Two-tower neural network, Image by Writer

How Do We Encode a User Right into a Vector?

Classical algorithms solved this problem quite easily: in matrix factorization methods (like ALS), the user vector was “trainable”, represented by the model parameters, and determined inside the optimization procedure. In user-item collaborative filtering methods, a user was assigned a vector of catalog dimensionality during which the i-th coordinate corresponded to a specific item and represented how often the user interacted with that item (e.g., how often they bought it or how they rated it).

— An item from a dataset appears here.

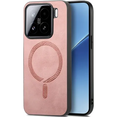 TelefoonhoesjesXiaomi hoesjesXiaomi 15 hoesjesPhonesta Retro Vegan Leather MagSafe Back Cover hoesje voor Xiaomi 15 - Roze

The fashionable approach can be to encode users with transformers, suggesting that a user may be encoded right into a vector using transformers. We take the user’s anonymized history—that’s, a sequence of events—and encode these events into vectors, then utilize a transformer. In probably the most basic case, events are represented by purchases or likes; nonetheless, in other cases, it might be all the history of interactions inside an organization’s ecosystem.

Initially, when transformers were first utilized in recommendations, researchers drew analogies from similarities with NLP: a user is sort of a sentence, and the words in it represent purchases, likes, and other interactions.

Two-tower neural network design with a transformer Image by Writer

One other variety of neural network recommender model is models with early fusion. These models don’t separate user and item information into two towers but fairly process all information together. That’s, we fuse all information concerning the user, the item, and their interaction at an early stage. In contrast, two-tower models are said to feature late fusion through the scalar product. Early-fusion models are more expressive than two-tower models. They will capture more complex signals and learn more non-trivial dependencies.

Nevertheless, it’s difficult to use them outside the rating stage due to their computational burden and the necessity to recalculate all the model for every user query and every candidate. Unlike two-tower models, they don’t support the factorization of computations.

We utilize various architecture types, including two-tower models with transformers and models with early fusion. We use two-tower architectures more actually because they’re highly efficient, suitable for all stages concurrently, and still yield good quality gains with considerably fewer resources.

We used to coach two-tower models in two stages:

Pre-training with contrastive learning. We train the model to align users with their positive user-item interactions using contrastive learning,
Task-specific fine-tuning. As with NLP, fine-tuning is a task-specific approach. If the model might be used for rating, we train it to accurately rank the recommendations shown to the user. We showed two items—the user liked one, disliked the opposite—we wish to rank items in the identical order. With retrieval, the duty resembles pre-training but employs additional techniques that enhance the candidates’ recall.

In the following section, we’ll explore how this process has modified with our newer models.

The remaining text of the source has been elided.